We’ve known about child marriage for a long time. In 1995, at the Fourth World Conference on Women, 189 countries adopted the Beijing Platform for Action to secure the human rights of all women across the world, a broad and groundbreaking set of commitments still on point today. In the chapter on girls, governments recognized child marriage—that is, any marriage or union in which at least one party is under the age of 18—as a violation of human rights, a form of discrimination against girls and a practice that had to be stopped.
Yet, fifteen years later, there was still little coordinated campaigning to eradicate the practice. This changed in 2011 when a group of organizations around the world decided to work together to tackle child marriage. This group brought together grassroots activists, like the women of the Association pour la Promotion de l’Autonomie et des Droits de la Fille (APAD) in Northern Cameroun, together with international groups like the International Women’s Health Coalition, CREA, CARE, Population Council, Global Fund for Women and funders like the American Jewish World Service, the Ford Foundation and the Kendeda Fund. Mabel van Oranje, a Dutch princess who had been deeply involved in advocacy on HIV and AIDS and human rights, persuaded the Elders, the group of former heads of state and notable personalities, to take up child marriage as a flagship issue. The result was Girls Not Brides: The Global Partnership to End Child Marriage, a hard-hitting campaigning platform and partnership that rapidly raised the profile of child marriage at the global level. Today, Girls Not Brides brings together 1,600 organizations around the world, many of them working at the very local level in their community to stop the practice and transform the lives of girls. The hard work of all these groups did pay off: 12 million marriages a year is down from 15 million a year in 2014, and rates of child marriage in India have declined markedly, from 47.4% in 2005 to 27% in 2016.

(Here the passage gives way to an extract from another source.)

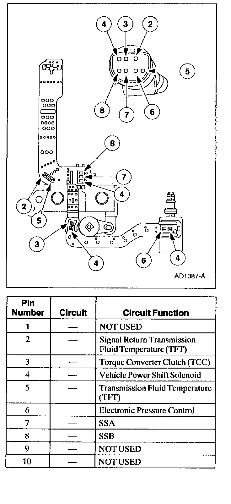 - TR4, TR3A, TR2, and TR1 are all open in Overdrive, so Overdrive is a good position to check for shorts to ground. To determine the shorted components while observing TR_D, unplug the TR and see if the short goes away. If the short is still present, unplug the transmission harness and see if the short goes away. If the short is still present, then the short is in the PCM or vehicle harness. Remove the suspect circuit(s) wire from the PCM vehicle harness. If the short is still present, then the PCM has an internal failure. Otherwise the failure is in the vehicle harness.

Earlier this month, I had the great pleasure of meeting Dr. Faith Mwangi-Powell, the Chief Executive Officer of Girls Not Brides (GNB), at their offices in London. Dr. Mwangi-Powell is a Kenyan public health expert who has led movements to stop female genital mutilation in the UK and in Africa, and to improve access to palliative care in Africa. Her deep commitment to improving the lives and health of women and girls is a through line of her career, and I was deeply inspired by her dynamism and vision. Our conversation has been excerpted and edited for brevity.
FG: I’m so pleased to meet with you again, Dr. Mwangi-Powell. Before we speak about the work of Girls Not Brides, can you tell us what has driven you to focus on women’s rights throughout your career? Were there early experiences in Kenya that drove that passion?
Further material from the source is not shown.